Data to process
=====

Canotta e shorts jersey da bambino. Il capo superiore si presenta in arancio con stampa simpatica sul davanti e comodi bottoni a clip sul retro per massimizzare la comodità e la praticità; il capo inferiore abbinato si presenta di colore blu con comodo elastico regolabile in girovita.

=====

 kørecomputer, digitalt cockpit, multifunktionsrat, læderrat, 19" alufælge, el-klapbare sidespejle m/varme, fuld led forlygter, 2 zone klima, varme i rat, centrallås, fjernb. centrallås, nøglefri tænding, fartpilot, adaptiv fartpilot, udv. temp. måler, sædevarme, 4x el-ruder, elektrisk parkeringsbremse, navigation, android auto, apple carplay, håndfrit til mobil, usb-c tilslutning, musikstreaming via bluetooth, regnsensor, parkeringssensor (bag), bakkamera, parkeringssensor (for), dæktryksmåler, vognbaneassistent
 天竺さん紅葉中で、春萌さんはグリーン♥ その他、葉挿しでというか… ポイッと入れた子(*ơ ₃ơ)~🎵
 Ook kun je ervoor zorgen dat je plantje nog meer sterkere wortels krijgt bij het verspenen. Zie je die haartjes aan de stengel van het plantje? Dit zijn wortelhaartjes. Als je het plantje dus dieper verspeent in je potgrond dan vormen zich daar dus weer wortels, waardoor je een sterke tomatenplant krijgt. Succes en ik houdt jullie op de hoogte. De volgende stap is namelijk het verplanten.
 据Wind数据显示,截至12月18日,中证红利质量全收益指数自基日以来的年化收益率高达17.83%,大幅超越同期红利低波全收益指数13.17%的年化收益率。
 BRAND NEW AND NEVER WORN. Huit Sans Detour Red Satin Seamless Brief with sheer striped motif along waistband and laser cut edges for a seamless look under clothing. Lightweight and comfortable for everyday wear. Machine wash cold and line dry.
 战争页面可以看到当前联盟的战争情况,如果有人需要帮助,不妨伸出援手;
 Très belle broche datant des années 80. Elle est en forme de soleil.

=====

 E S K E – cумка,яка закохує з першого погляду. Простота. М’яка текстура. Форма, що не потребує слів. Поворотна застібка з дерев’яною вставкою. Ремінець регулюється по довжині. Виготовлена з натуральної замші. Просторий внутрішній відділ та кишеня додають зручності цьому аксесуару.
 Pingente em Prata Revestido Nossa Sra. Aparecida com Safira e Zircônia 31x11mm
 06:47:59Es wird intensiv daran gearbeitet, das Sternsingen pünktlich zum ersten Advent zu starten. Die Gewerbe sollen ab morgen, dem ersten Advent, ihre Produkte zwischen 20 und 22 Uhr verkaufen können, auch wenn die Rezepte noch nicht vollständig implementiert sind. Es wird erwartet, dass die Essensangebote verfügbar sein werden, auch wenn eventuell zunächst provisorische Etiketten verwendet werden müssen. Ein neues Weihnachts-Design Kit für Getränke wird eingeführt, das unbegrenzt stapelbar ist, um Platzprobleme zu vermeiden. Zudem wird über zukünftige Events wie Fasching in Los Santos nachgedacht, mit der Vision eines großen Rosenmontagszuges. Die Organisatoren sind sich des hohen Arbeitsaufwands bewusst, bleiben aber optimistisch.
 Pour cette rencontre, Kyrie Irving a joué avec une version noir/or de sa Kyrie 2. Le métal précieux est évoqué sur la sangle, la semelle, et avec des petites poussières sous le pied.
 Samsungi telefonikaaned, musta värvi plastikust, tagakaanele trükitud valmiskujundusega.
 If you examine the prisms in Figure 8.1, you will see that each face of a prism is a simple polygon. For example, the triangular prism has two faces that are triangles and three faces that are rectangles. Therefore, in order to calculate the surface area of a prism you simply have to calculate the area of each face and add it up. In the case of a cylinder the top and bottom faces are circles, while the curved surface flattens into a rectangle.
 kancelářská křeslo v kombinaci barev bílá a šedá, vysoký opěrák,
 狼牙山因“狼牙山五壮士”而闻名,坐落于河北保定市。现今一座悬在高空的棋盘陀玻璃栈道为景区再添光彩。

=====

Work instruction
Using the data above, reproduce exactly the lines from the line that contains "战争页面可以看到当前联盟的战争情况,如果有人需要帮助,不妨伸出援手;" through the line that contains "Très belle broche", including both.

Answer box
 战争页面可以看到当前联盟的战争情况,如果有人需要帮助,不妨伸出援手;
 Très belle broche datant des années 80. Elle est en forme de soleil.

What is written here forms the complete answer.